§ **Task**: Take the records below from their first line through the line holding "在世俱杯小组各小组积分榜上,南美洲球队也", and set each of those lines down exactly, without pictures.

§ **Dataset**:
------------------------------------------------------------------------

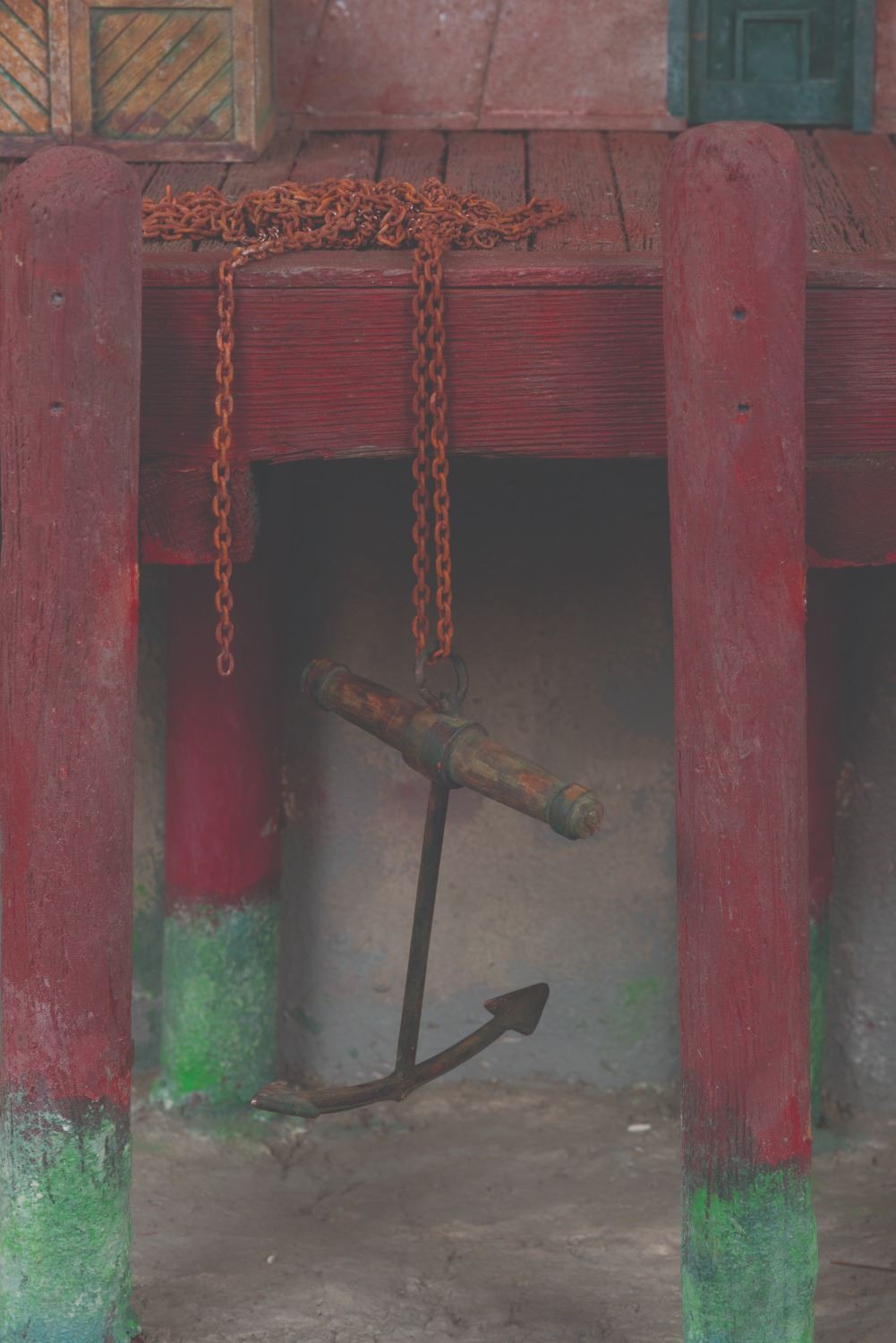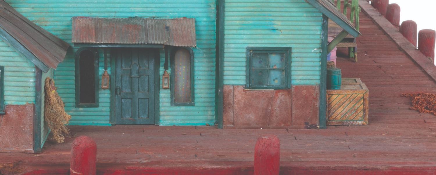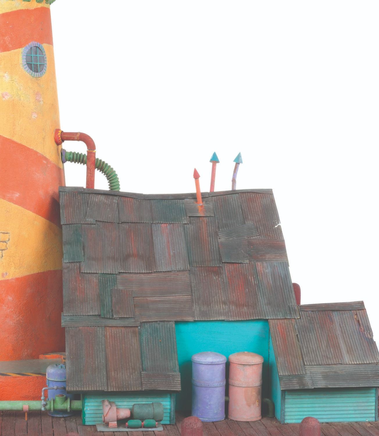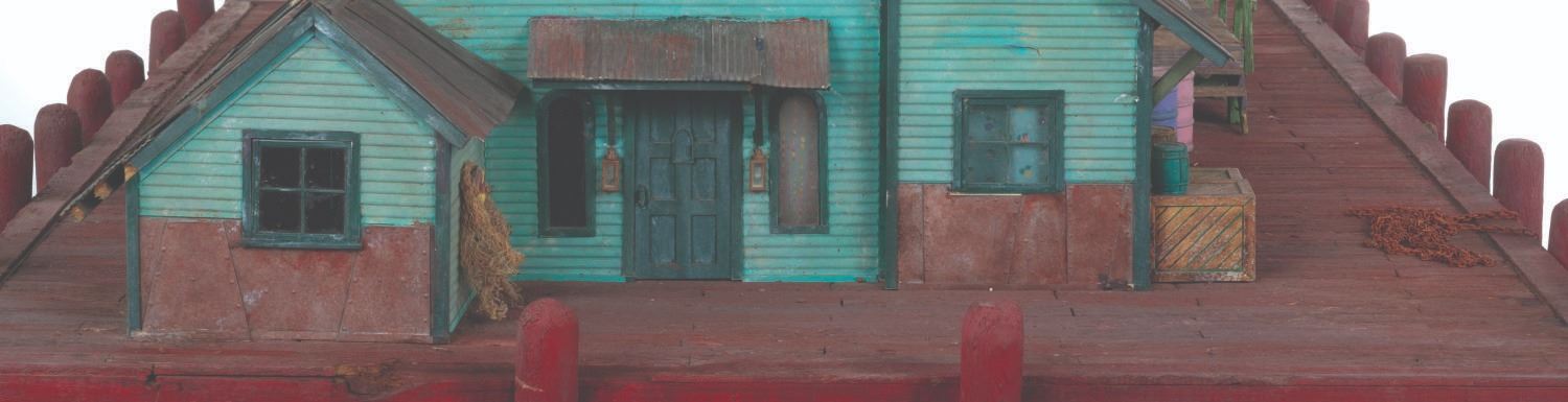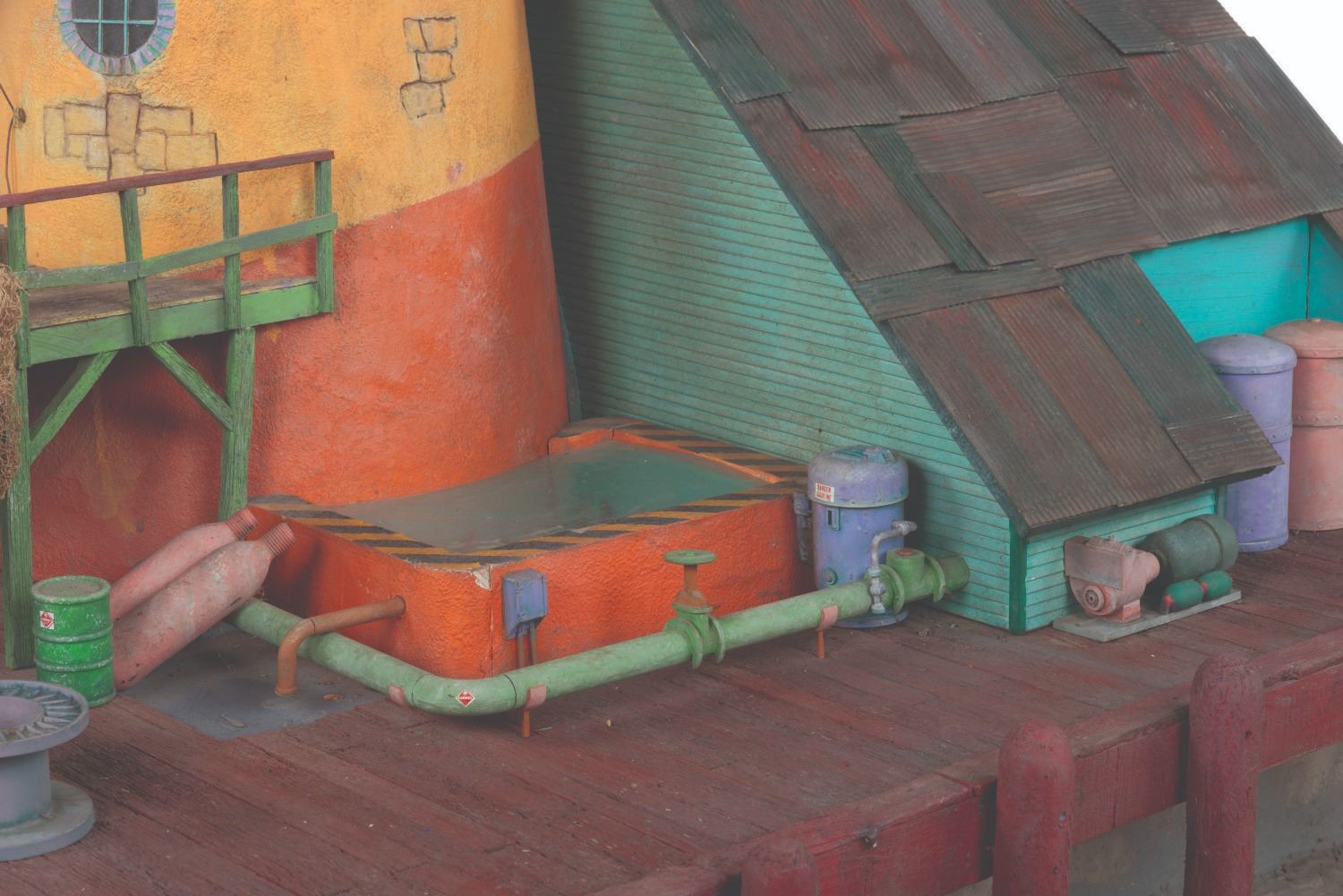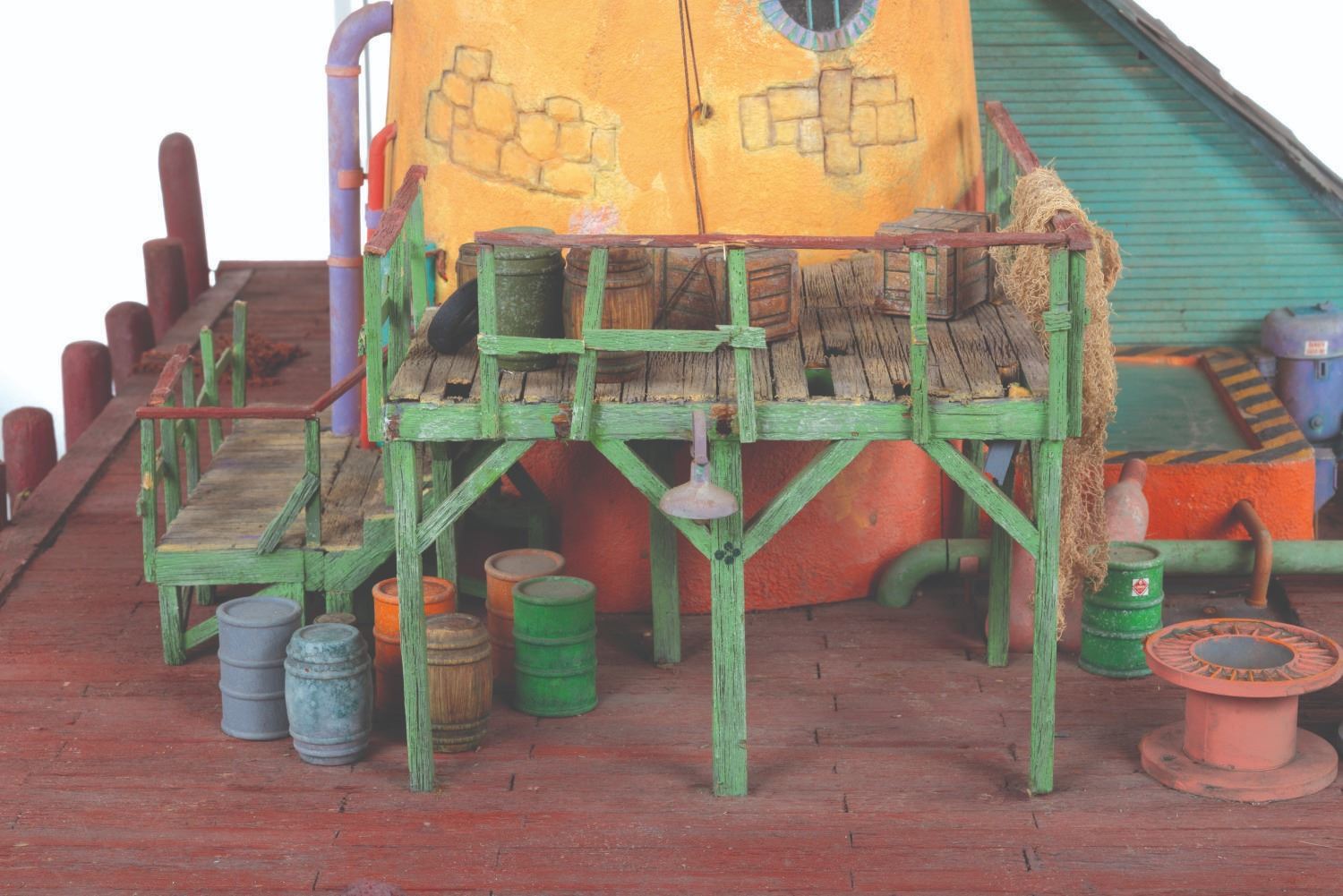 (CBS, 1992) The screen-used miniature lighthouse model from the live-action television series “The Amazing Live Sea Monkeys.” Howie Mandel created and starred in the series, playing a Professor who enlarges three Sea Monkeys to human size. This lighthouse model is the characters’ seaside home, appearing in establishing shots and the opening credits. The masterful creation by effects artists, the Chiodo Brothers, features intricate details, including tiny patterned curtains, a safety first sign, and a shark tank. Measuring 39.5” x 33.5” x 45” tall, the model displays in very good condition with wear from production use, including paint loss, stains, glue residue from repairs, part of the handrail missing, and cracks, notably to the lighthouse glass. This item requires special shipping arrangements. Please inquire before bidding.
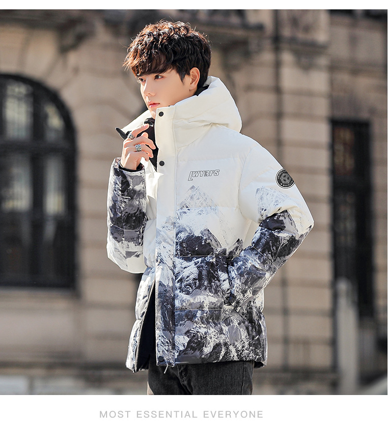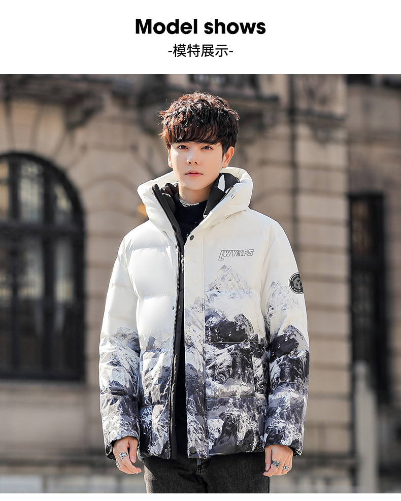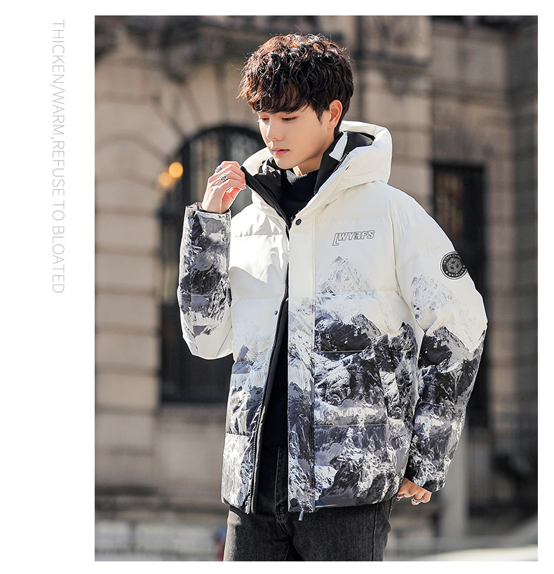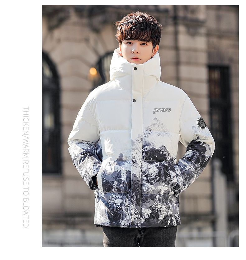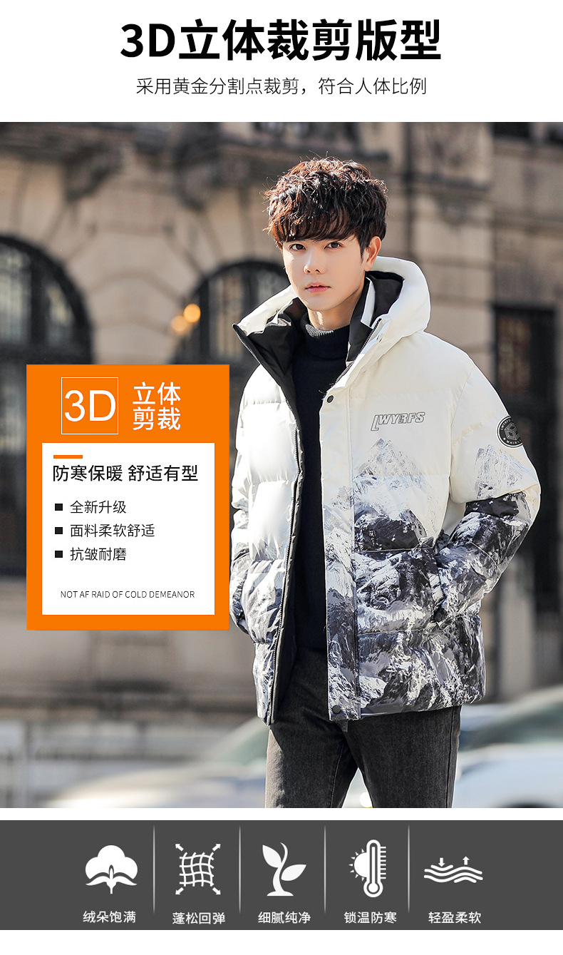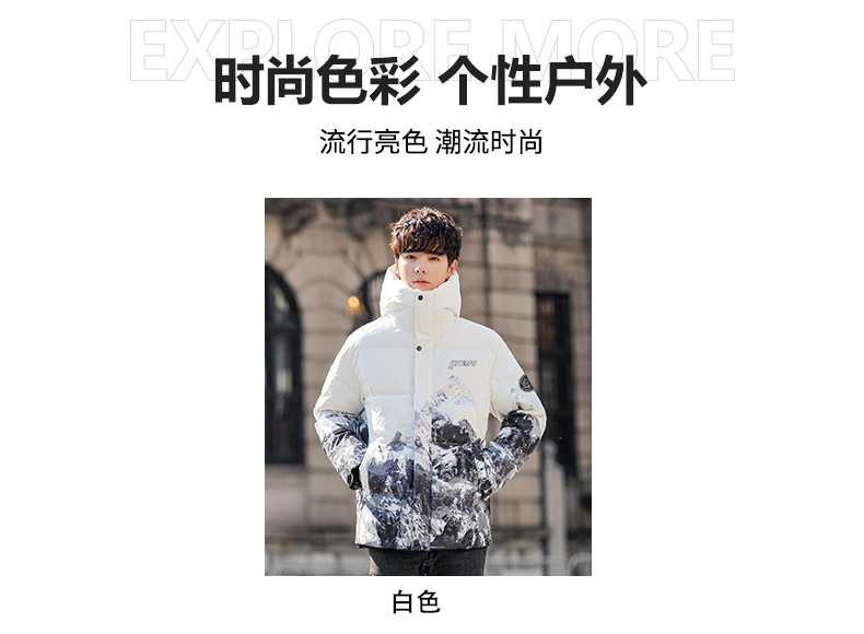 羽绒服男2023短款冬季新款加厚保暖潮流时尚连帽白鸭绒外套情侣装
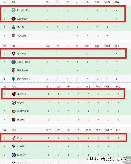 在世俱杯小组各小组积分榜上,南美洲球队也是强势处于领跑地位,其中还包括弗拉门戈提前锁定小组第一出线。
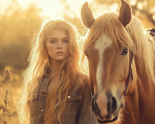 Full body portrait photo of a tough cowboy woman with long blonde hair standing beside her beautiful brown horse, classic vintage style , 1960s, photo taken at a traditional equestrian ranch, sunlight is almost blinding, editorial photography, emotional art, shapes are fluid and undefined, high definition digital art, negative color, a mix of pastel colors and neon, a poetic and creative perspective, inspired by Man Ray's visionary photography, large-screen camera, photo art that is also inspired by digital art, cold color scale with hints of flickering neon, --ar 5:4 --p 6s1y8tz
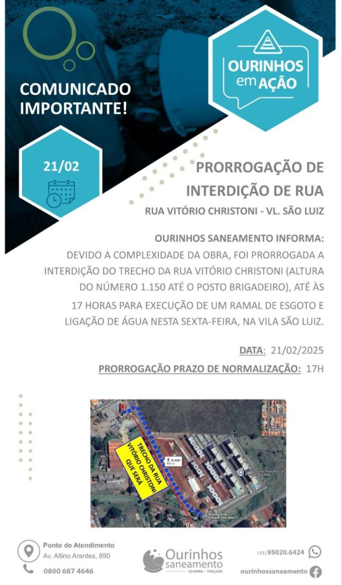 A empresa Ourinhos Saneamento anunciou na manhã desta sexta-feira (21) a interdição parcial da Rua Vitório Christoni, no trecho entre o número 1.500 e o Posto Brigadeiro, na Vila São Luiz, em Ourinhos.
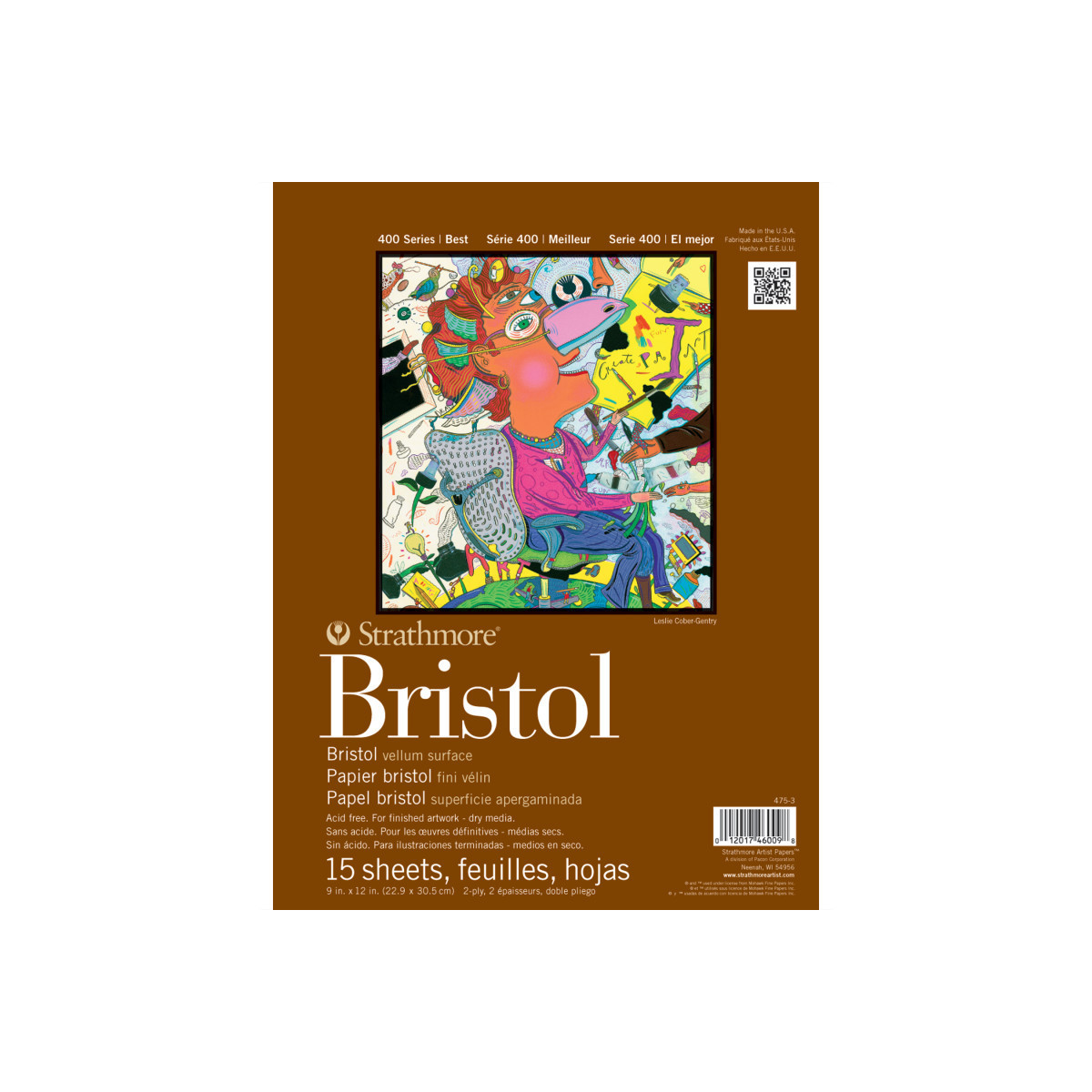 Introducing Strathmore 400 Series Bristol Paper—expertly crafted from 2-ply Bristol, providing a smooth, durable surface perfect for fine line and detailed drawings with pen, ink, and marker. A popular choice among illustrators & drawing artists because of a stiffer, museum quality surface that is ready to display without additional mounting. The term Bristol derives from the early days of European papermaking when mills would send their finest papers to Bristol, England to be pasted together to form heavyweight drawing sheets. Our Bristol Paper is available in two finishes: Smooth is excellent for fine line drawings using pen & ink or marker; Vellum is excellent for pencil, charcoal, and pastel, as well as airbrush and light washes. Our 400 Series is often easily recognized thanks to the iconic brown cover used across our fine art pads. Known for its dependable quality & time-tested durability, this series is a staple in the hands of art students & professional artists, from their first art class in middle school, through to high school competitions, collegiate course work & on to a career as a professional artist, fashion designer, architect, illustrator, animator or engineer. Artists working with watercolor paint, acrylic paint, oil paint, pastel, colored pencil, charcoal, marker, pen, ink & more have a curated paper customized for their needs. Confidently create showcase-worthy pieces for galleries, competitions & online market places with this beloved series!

------------------------------------------------------------------------

§ **Your solution**:
 (CBS, 1992) The screen-used miniature lighthouse model from the live-action television series “The Amazing Live Sea Monkeys.” Howie Mandel created and starred in the series, playing a Professor who enlarges three Sea Monkeys to human size. This lighthouse model is the characters’ seaside home, appearing in establishing shots and the opening credits. The masterful creation by effects artists, the Chiodo Brothers, features intricate details, including tiny patterned curtains, a safety first sign, and a shark tank. Measuring 39.5” x 33.5” x 45” tall, the model displays in very good condition with wear from production use, including paint loss, stains, glue residue from repairs, part of the handrail missing, and cracks, notably to the lighthouse glass. This item requires special shipping arrangements. Please inquire before bidding.
 羽绒服男2023短款冬季新款加厚保暖潮流时尚连帽白鸭绒外套情侣装
 在世俱杯小组各小组积分榜上,南美洲球队也是强势处于领跑地位,其中还包括弗拉门戈提前锁定小组第一出线。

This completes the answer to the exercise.